┏━━

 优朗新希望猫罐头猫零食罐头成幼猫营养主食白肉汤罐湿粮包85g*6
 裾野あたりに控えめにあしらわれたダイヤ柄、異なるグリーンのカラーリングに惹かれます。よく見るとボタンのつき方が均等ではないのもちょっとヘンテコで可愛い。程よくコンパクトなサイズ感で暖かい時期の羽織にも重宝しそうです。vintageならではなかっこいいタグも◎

┗━━
┏━━

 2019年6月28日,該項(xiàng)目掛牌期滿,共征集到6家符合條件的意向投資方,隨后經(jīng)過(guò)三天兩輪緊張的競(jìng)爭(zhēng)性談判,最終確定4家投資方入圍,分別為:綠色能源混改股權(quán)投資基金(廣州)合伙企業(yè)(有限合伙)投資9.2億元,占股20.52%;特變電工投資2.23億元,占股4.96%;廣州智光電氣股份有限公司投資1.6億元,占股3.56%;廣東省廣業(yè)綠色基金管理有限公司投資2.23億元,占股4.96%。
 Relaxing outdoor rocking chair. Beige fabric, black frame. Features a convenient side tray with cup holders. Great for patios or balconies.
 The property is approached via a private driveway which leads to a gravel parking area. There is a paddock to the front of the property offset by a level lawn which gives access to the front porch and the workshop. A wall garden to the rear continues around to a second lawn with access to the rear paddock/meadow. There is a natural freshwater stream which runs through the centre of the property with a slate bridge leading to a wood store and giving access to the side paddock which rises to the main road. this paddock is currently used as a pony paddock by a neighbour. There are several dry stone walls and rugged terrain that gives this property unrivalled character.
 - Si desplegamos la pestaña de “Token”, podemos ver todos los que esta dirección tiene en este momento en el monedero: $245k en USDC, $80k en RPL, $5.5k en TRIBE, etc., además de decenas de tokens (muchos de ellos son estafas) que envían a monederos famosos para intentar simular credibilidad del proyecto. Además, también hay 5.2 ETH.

┗━━
┏━━

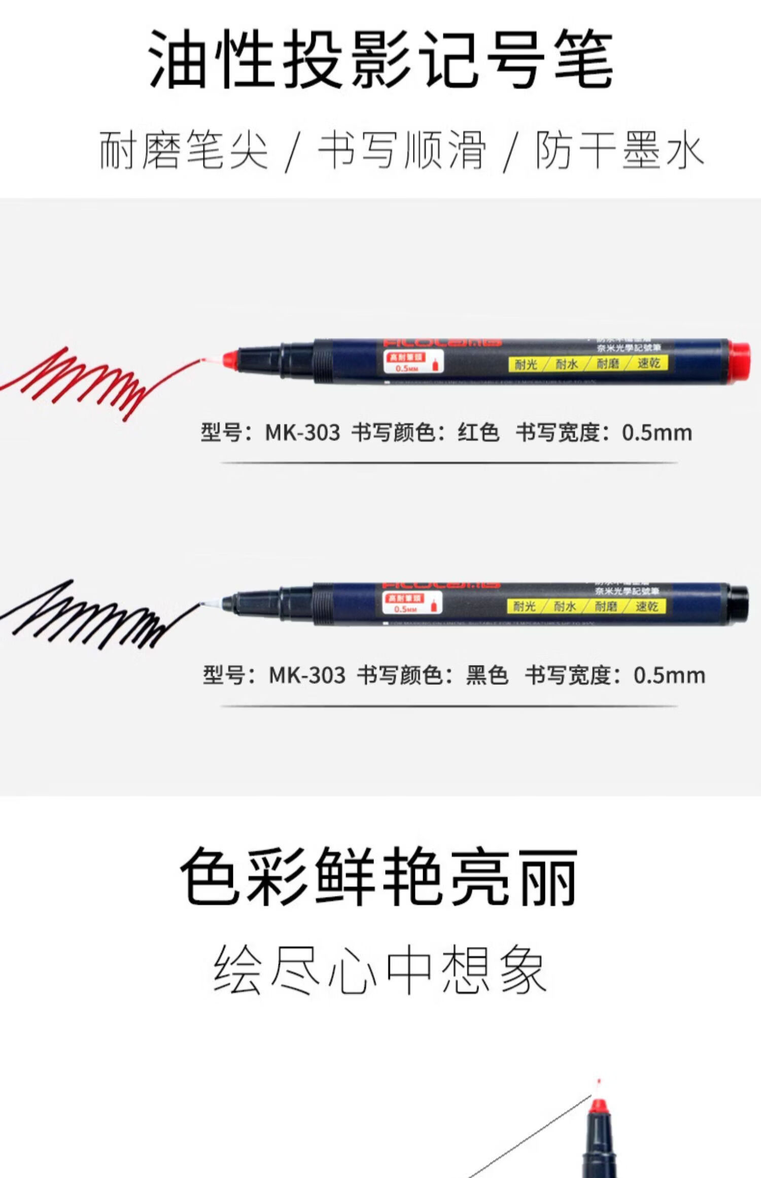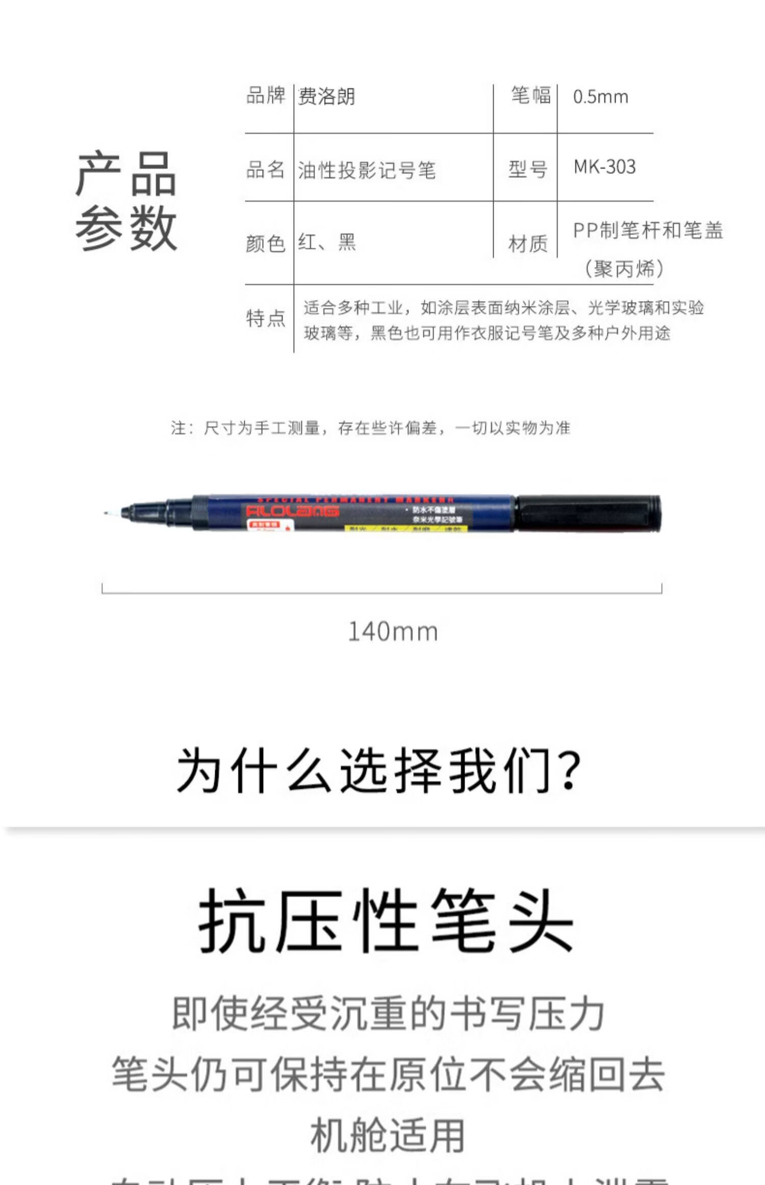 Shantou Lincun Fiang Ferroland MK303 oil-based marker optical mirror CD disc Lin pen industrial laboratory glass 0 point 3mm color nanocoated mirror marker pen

┗━━

Beginning with the line above that contains "优朗新希望猫罐头猫零食罐头成幼猫营养主食白肉汤罐湿粮包85g*6", copy each line exactly up to and including the line that contains "裾野あたりに控えめにあしらわ", and go no further.

**Answer for this exercise:**
 优朗新希望猫罐头猫零食罐头成幼猫营养主食白肉汤罐湿粮包85g*6
 裾野あたりに控えめにあしらわれたダイヤ柄、異なるグリーンのカラーリングに惹かれます。よく見るとボタンのつき方が均等ではないのもちょっとヘンテコで可愛い。程よくコンパクトなサイズ感で暖かい時期の羽織にも重宝しそうです。vintageならではなかっこいいタグも◎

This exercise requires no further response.